## Task objective
Return, exactly and in full, the lines of the records below starting at the one with "Ikke mer motorvei til Groruddalen." and ending at the one with "Naturvernforbundet i Groruddalen", and no other lines.

## Records supplied
⟨

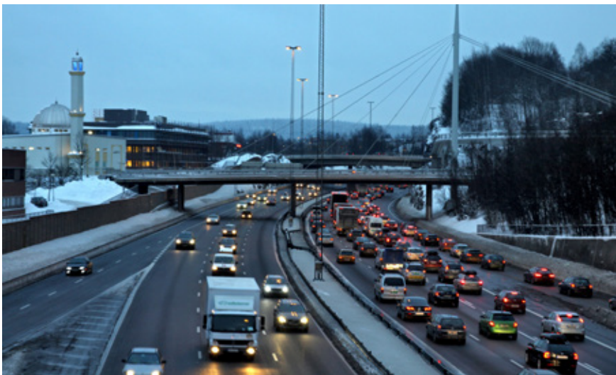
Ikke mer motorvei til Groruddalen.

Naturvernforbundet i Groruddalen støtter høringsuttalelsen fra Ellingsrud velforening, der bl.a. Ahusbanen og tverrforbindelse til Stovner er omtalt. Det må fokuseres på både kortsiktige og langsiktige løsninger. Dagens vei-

⟩
⟨

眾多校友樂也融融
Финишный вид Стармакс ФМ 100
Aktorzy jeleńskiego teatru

⟩

## Answer box
Ikke mer motorvei til Groruddalen.

Naturvernforbundet i Groruddalen støtter høringsuttalelsen fra Ellingsrud velforening, der bl.a. Ahusbanen og tverrforbindelse til Stovner er omtalt. Det må fokuseres på både kortsiktige og langsiktige løsninger. Dagens vei-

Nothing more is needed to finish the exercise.